§ **Try it**:
Give back, exactly as written, the lines of the listing from the top through the line holding "Завідувачка бібліотеки Каріна", and nothing more. Exclude pictures.
====
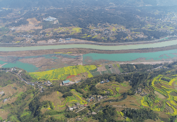开始攀登寨子山,满眼绿意止不住,树上偶尔蹿出几只小鸟,鸣啼几声后飞过,好似欢迎前来游玩的人们。来到半山腰回头望去,大渡河旁一大片油菜花好似一块块金色蛋糕拼接在一起,让人忍不住将这景象定格在手机里,心里还默默记下下山后一定要去花海边走一遭。
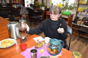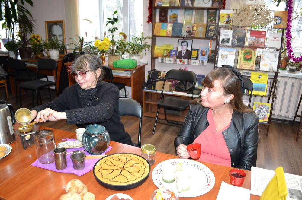 Завідувачка бібліотеки Каріна Апарінова ознайомила присутніх із чайними традиціями України. Бібліотекар Олександр Апарінов розповів про зимові чаювання в Китаї та Японії.
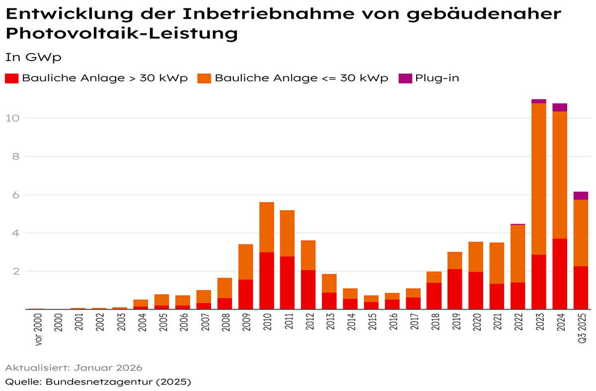 Der Zubau von Dach-PV ließ 2025 deutlich nach. Mit 6,2 Gigawatt neu installierter Leistung bis September ist er weiterhin hoch, bleibt aber deutlich hinter den Rekordjahren 2023 und 2024 zurück. Gleichzeitig zeigt der Speichermarkt ungebrochene Dynamik: Immer mehr Eigenheimbesitzende installieren Solarstromspeicher, um ihren Solarstrom besser selbst nutzen zu können. Bis September wurden rund 3 Gigawatt-Peak neu installiert, wodurch die gesamte Speicherleistung auf etwa 15,6 Gigawatt stieg.
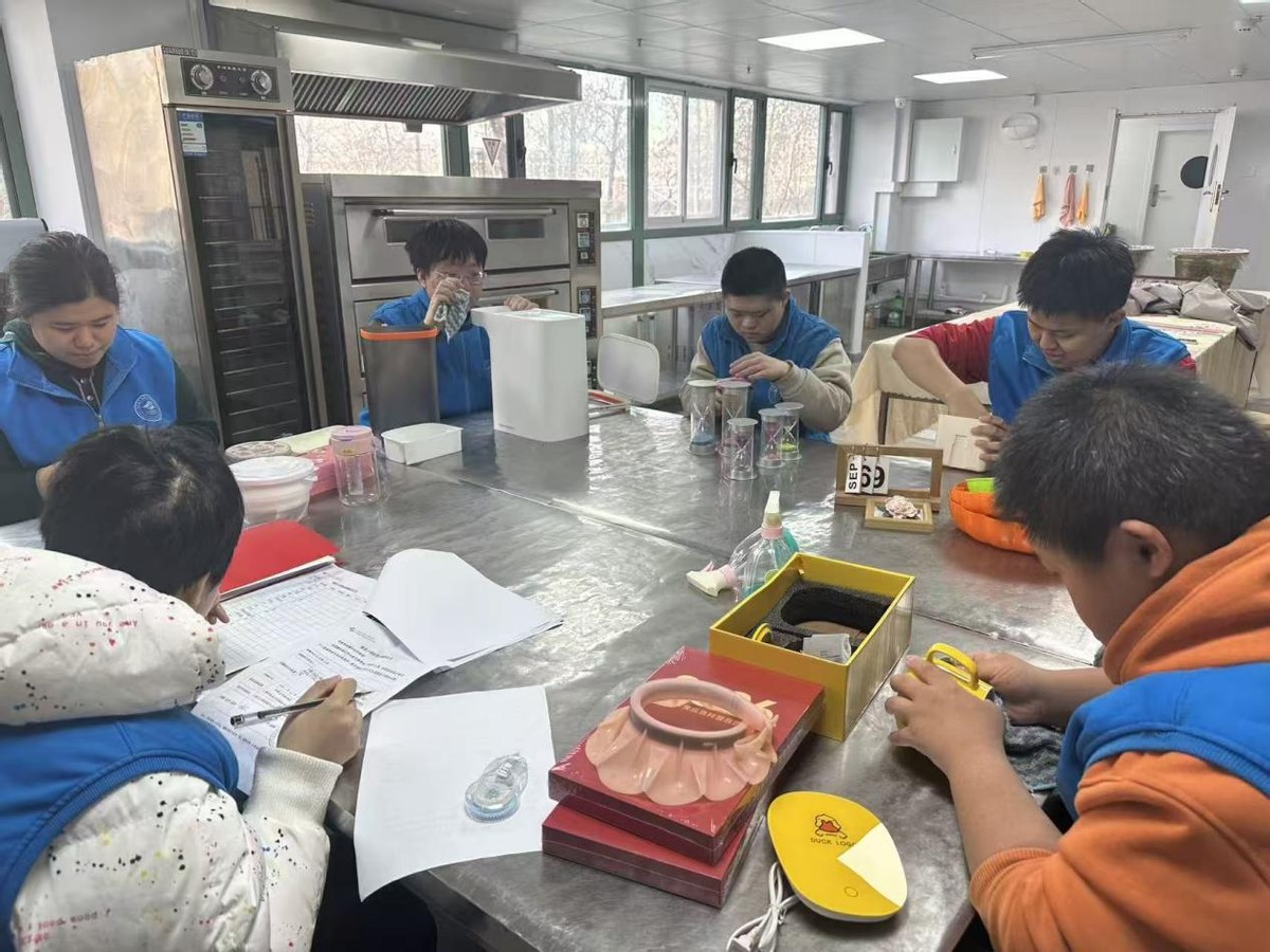 于是,张涛他们想尽各种办法,希望陪孩子们走得更远一点。他们做过插花、贴过对联、灌装过洗衣液,甚至还专门开过一个烘焙店。穷其所有的尝试,都是在试图找到一条适合自闭症群体、真正让他们能够有一定收入、能够解决家庭问题的途径。
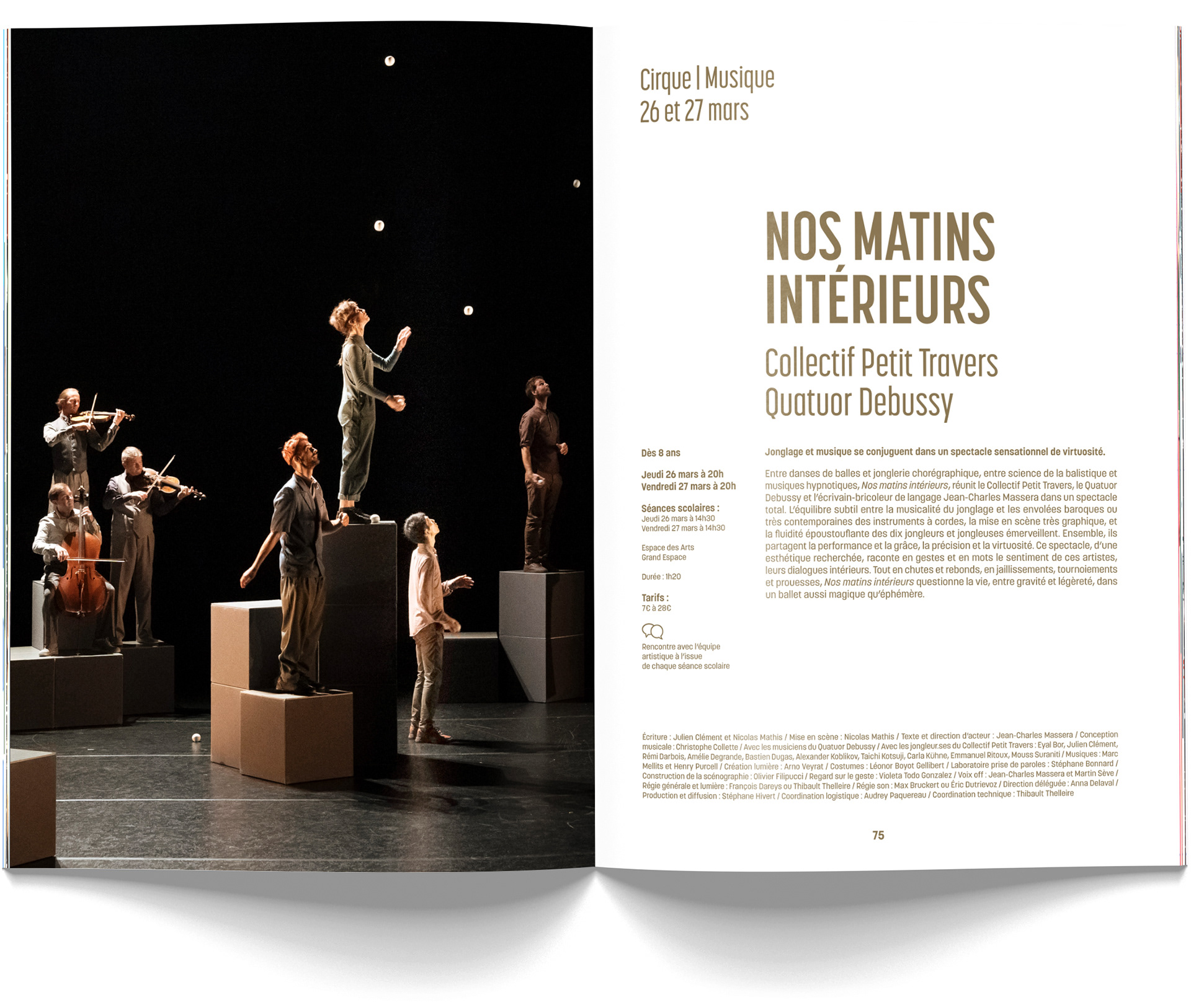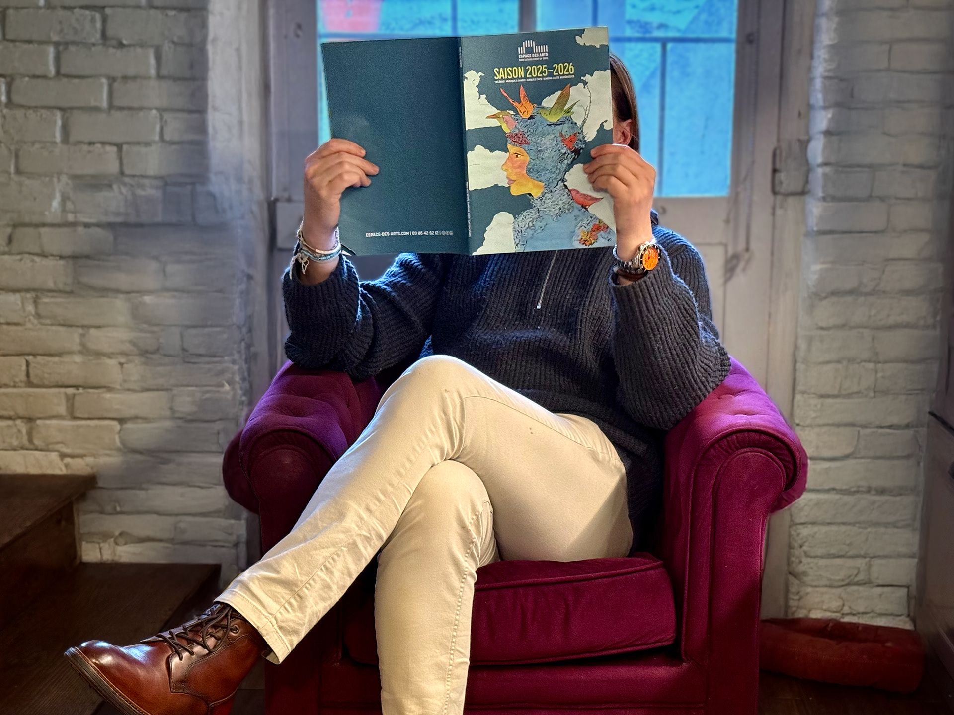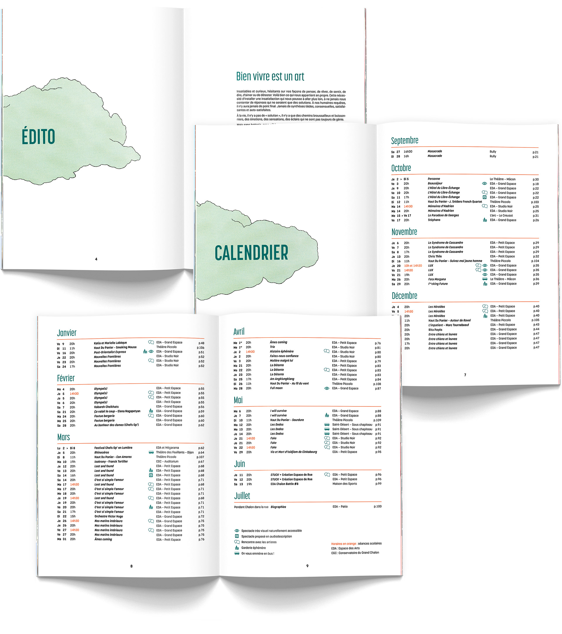 Cette saison, la maquette conçue l’an dernier est reconduite ! L’Espace des Arts apprécie son format et sa lisibilité. L’illustrateur des trois précédentes éditions, Thomas Hayman, laisse sa place à Marie Mohanna !
====
§ **Exercise output**:
开始攀登寨子山,满眼绿意止不住,树上偶尔蹿出几只小鸟,鸣啼几声后飞过,好似欢迎前来游玩的人们。来到半山腰回头望去,大渡河旁一大片油菜花好似一块块金色蛋糕拼接在一起,让人忍不住将这景象定格在手机里,心里还默默记下下山后一定要去花海边走一遭。
 Завідувачка бібліотеки Каріна Апарінова ознайомила присутніх із чайними традиціями України. Бібліотекар Олександр Апарінов розповів про зимові чаювання в Китаї та Японії.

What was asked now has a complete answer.